[INFORMATION PROVIDED]
*** Block opens ***

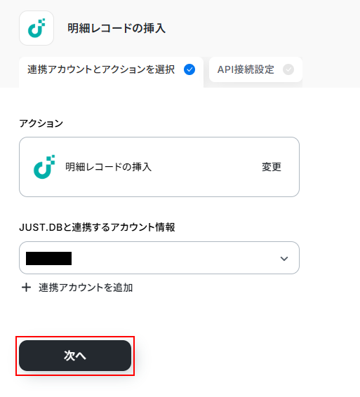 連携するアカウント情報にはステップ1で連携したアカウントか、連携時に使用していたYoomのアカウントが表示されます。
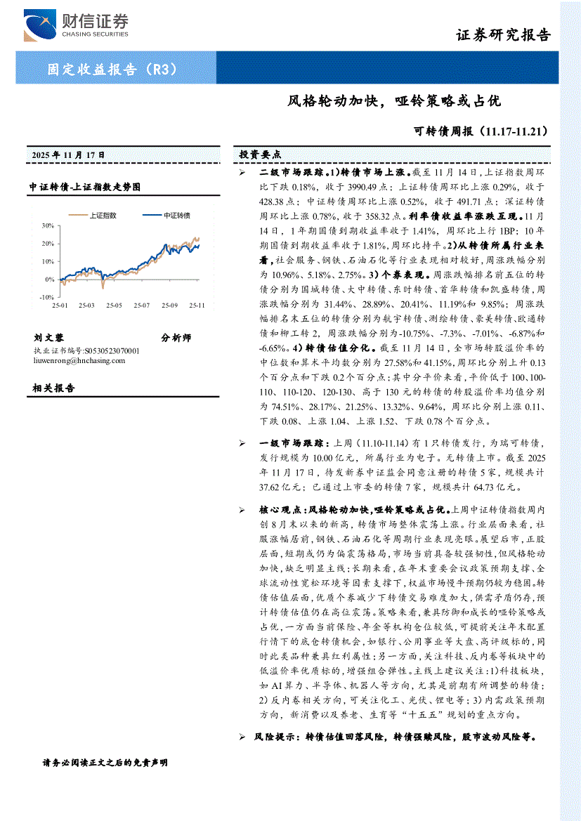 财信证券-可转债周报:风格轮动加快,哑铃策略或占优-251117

*** Block closes ***
*** Block opens ***

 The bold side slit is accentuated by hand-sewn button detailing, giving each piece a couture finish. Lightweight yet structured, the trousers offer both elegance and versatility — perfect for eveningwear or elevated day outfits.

*** Block closes ***

[PROBLEM REQUIREMENTS] Nothing outside the stretch above, from the line with "連携するアカウント情報にはス" through the line with "财信证券-可转债周报:风格轮动加快,哑铃策略或占优-251117", is set down. Transcribe that stretch exactly, ends included, but not its pictures.

[SOLUTION TO THIS TASK]
 連携するアカウント情報にはステップ1で連携したアカウントか、連携時に使用していたYoomのアカウントが表示されます。
 财信证券-可转债周报:风格轮动加快,哑铃策略或占优-251117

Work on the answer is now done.